> _Work instructions_
Retype exactly the lines from the one containing "- BeschrijvingVz: Gekwartierd" through the last line of the records below, including both, and leave out any pictures.

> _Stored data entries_
________________________________________

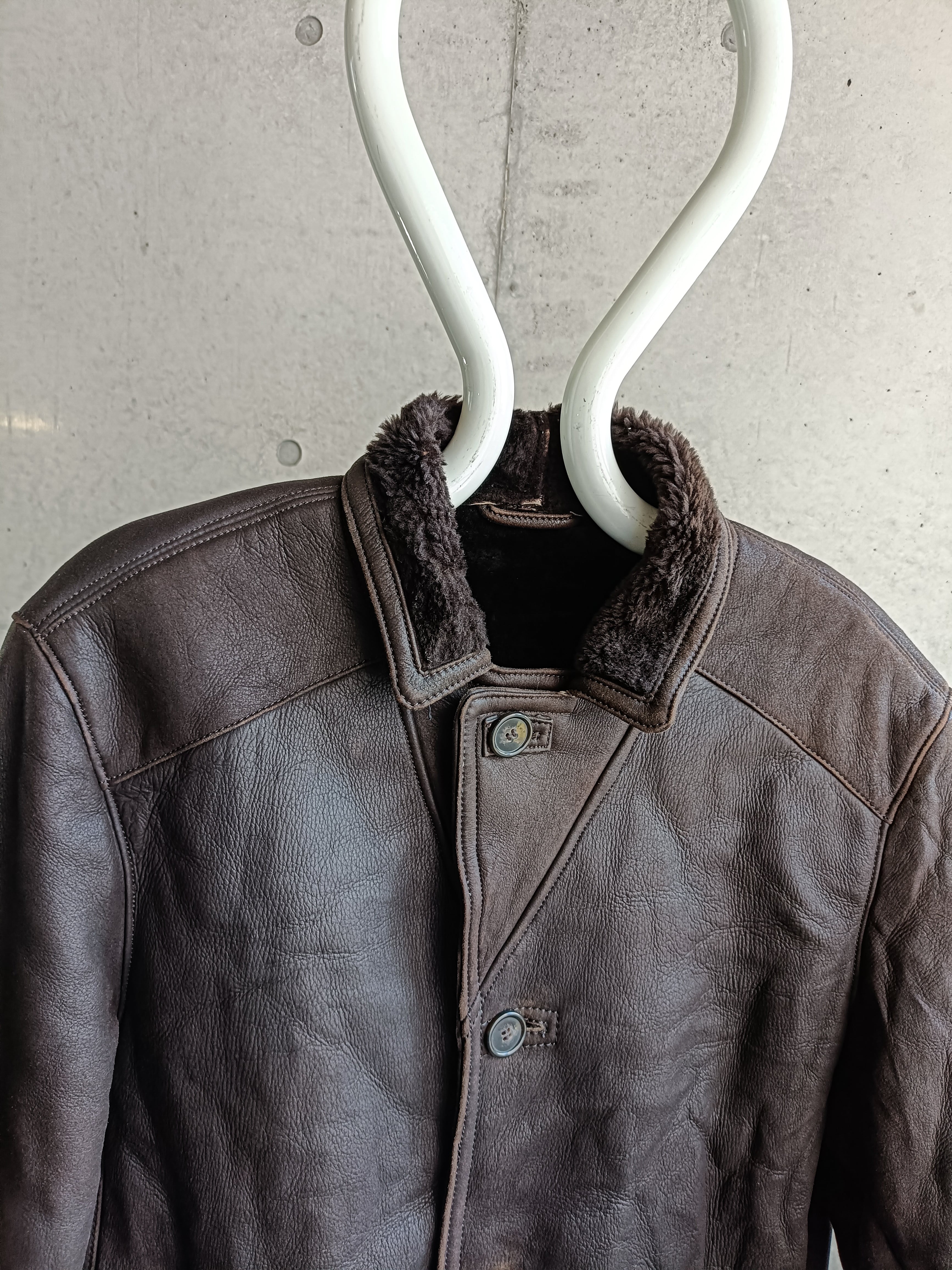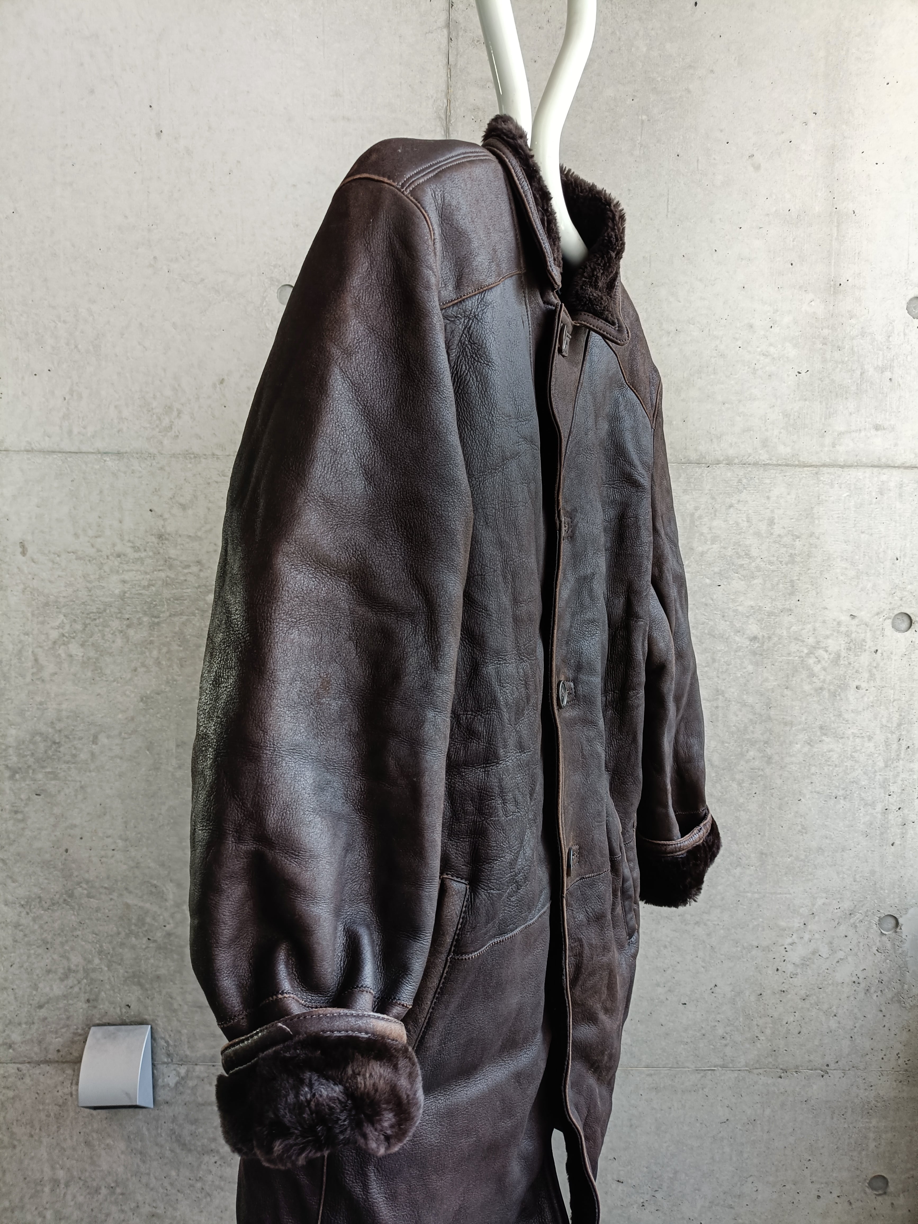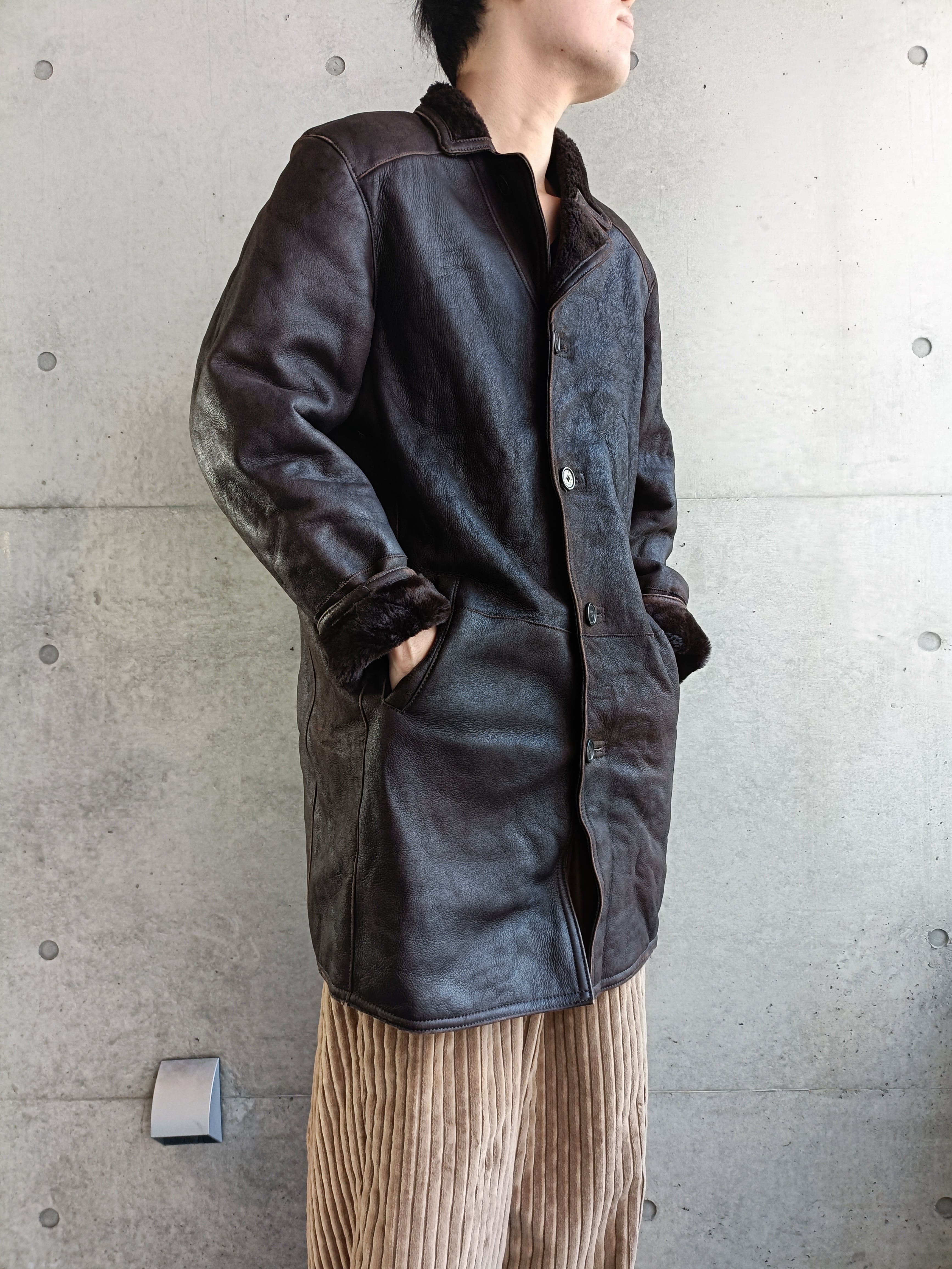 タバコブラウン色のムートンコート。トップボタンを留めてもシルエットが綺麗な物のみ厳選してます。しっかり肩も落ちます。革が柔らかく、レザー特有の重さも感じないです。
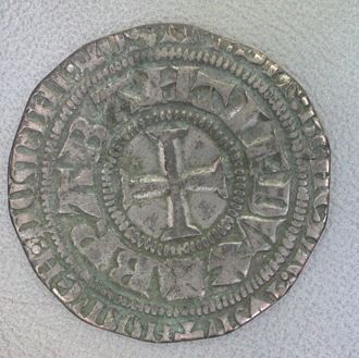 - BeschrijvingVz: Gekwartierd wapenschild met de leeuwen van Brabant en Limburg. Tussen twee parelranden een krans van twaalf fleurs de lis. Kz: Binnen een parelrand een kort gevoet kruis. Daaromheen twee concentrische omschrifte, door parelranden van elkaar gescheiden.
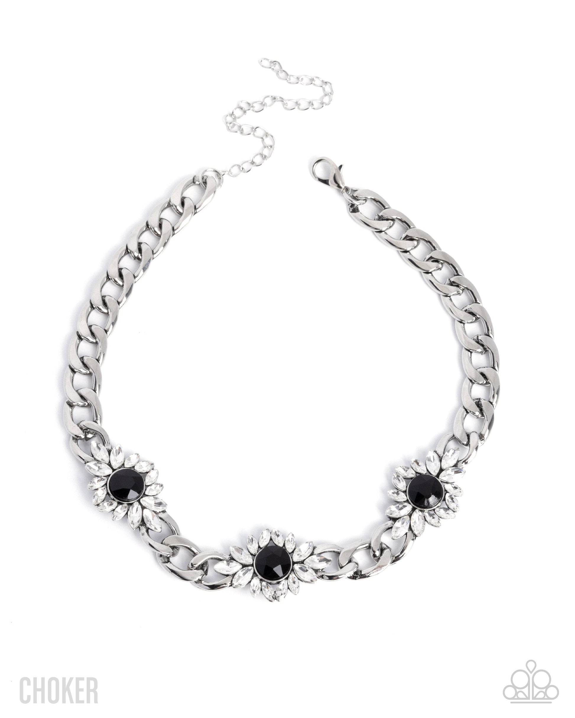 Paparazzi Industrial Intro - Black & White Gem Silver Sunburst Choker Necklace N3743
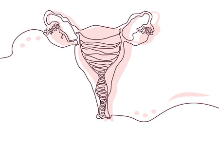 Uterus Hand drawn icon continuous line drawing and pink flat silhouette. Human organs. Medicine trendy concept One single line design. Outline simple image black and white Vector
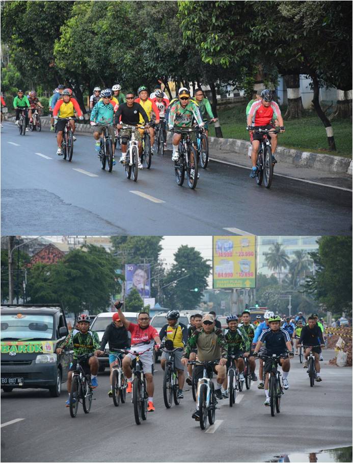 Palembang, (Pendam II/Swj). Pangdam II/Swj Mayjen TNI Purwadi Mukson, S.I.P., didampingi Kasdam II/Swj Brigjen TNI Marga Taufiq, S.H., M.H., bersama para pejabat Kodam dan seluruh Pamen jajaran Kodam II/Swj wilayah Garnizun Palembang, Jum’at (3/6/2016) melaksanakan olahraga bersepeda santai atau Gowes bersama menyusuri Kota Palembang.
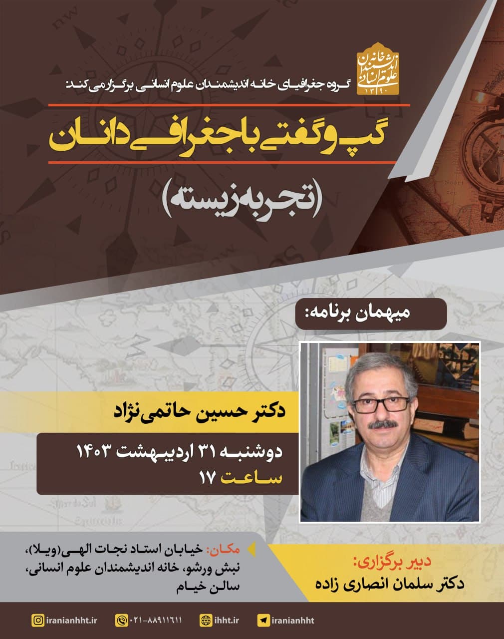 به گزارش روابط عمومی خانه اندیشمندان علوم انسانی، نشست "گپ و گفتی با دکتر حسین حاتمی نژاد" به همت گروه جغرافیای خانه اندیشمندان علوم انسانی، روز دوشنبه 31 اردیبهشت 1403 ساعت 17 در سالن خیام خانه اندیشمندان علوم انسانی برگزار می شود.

________________________________________

> _Task output_
 - BeschrijvingVz: Gekwartierd wapenschild met de leeuwen van Brabant en Limburg. Tussen twee parelranden een krans van twaalf fleurs de lis. Kz: Binnen een parelrand een kort gevoet kruis. Daaromheen twee concentrische omschrifte, door parelranden van elkaar gescheiden.
 Paparazzi Industrial Intro - Black & White Gem Silver Sunburst Choker Necklace N3743
 Uterus Hand drawn icon continuous line drawing and pink flat silhouette. Human organs. Medicine trendy concept One single line design. Outline simple image black and white Vector
 Palembang, (Pendam II/Swj). Pangdam II/Swj Mayjen TNI Purwadi Mukson, S.I.P., didampingi Kasdam II/Swj Brigjen TNI Marga Taufiq, S.H., M.H., bersama para pejabat Kodam dan seluruh Pamen jajaran Kodam II/Swj wilayah Garnizun Palembang, Jum’at (3/6/2016) melaksanakan olahraga bersepeda santai atau Gowes bersama menyusuri Kota Palembang.
 به گزارش روابط عمومی خانه اندیشمندان علوم انسانی، نشست "گپ و گفتی با دکتر حسین حاتمی نژاد" به همت گروه جغرافیای خانه اندیشمندان علوم انسانی، روز دوشنبه 31 اردیبهشت 1403 ساعت 17 در سالن خیام خانه اندیشمندان علوم انسانی برگزار می شود.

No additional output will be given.